Fashion archives are culture: why not open them up to everyone?

Brands open museums and archives where they preserve their physical and creative memory. Places that present themselves as spaces of dialogue between past and future, where one can study the evolution of costume and understand that fashion is culture. But all too often, they remain almost inaccessible, all too exclusive. Why not open them up to everyone?

by Domenico Casoria


It would be difficult to draw an exhaustive map of the places where fashion archives preserve the heritage of brands. It would be difficult, especially because we are talking about such different heritages that would not be able to fit under the same roof, in the same matrix. So, how do you preserve a brand’s memory? How can their impactful cultural and customary value be recognised? Finally: why not open them up to everyone?

Gucci’s choice

Over the last few decades, every fashion label and brand has equipped itself with a private archive or decided to open its own museum to provide access to its history. In 2021, Gucci inaugurated its new archive in Florence, thanks to the renovation desired and conceived by Alessandro Michele. Located in Palazzo Settimanni, it is one of the best organised and was conceived as a space for dialogue between past and future. A ‘sanctum sanctorum’ of the company that bears the traces of a history that has been going on for more than a hundred years.

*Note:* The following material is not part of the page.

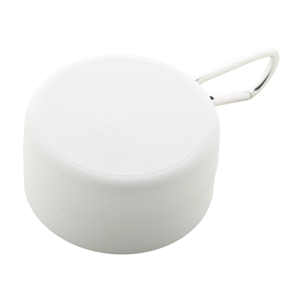 Újrahasznosított PP műanyagból készült összecsukható pohár gyógyszertároló rekesszel és fém karabinerrel. 220 ml. BPA mentes.

Five levels high, themed rooms, and a journey that starts with porcelain and household objects, passes through collections of handbags, small leather goods, vintage belts and stops at jewellery. Then it moves on to luggage, arriving at textile creations – from scarves to dresses – and footwear. Not a place standing still in time but a study centre for dialogue with the contemporary. Michele conceived it together with Valerie Steele, director and museum curator of the Fashion Institute of Technology. The only flaw? It cannot be visited by everyone.

Dior, for example

Gucci has also opted for a museum, the Gucci Garden in Florence, which, in addition to a boutique and recreational spaces, hosts a number of exhibitions. So did Dior, which in 2022 opened Galerie Dior at 30 Avenue Montaigne, where Christian Dior presented the New Look that would later revolutionise the world of women’s fashion. The Galerie is a museum open to all and dedicated to the history of the Maison. Ten thousand square metres are divided into exhibition rooms displaying archive pieces, miniature reproductions of dresses that made the brand iconic, objects and sketches. Not just a museum, then: an immersive experience in the world of Dior.

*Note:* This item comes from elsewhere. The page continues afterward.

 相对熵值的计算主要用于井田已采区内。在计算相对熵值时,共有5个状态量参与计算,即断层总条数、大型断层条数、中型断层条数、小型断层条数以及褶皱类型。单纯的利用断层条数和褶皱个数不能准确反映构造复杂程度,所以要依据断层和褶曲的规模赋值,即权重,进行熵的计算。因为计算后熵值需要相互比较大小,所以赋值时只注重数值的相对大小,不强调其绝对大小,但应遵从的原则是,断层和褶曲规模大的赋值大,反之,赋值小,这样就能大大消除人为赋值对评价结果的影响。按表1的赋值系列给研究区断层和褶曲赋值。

On the other hand, Prada has dedicated several spaces in the Milan and Valvigna offices to the archives, which hold around 53,000 garments from the group’s brand collections. In the collections archive, the subdivision is by product category, brand and season: knitwear, jersey, women’s and men’s suits, outerwear, skirts, trousers, ties, clothing accessories and underwear. The catwalk archive has held Prada women’s, Prada men’s, and Miu Miu looks since 1990. Baggage that does not end with the clothes. The shoe archive has 67,000 models – all with a barcode indicating their details – while the leather goods archive has over 60,000 pieces, including bags and travel items.

Why not open them up to everyone?

These are just a few examples. Significant, however, of a considerable existing heritage. The fundamental question remains, therefore, one. If fashion is preserved in museums and archives, if it represents an obvious cultural factor, wouldn’t it be better to open them up to everyone, these archives? We have the answer: it is a win-win for everyone.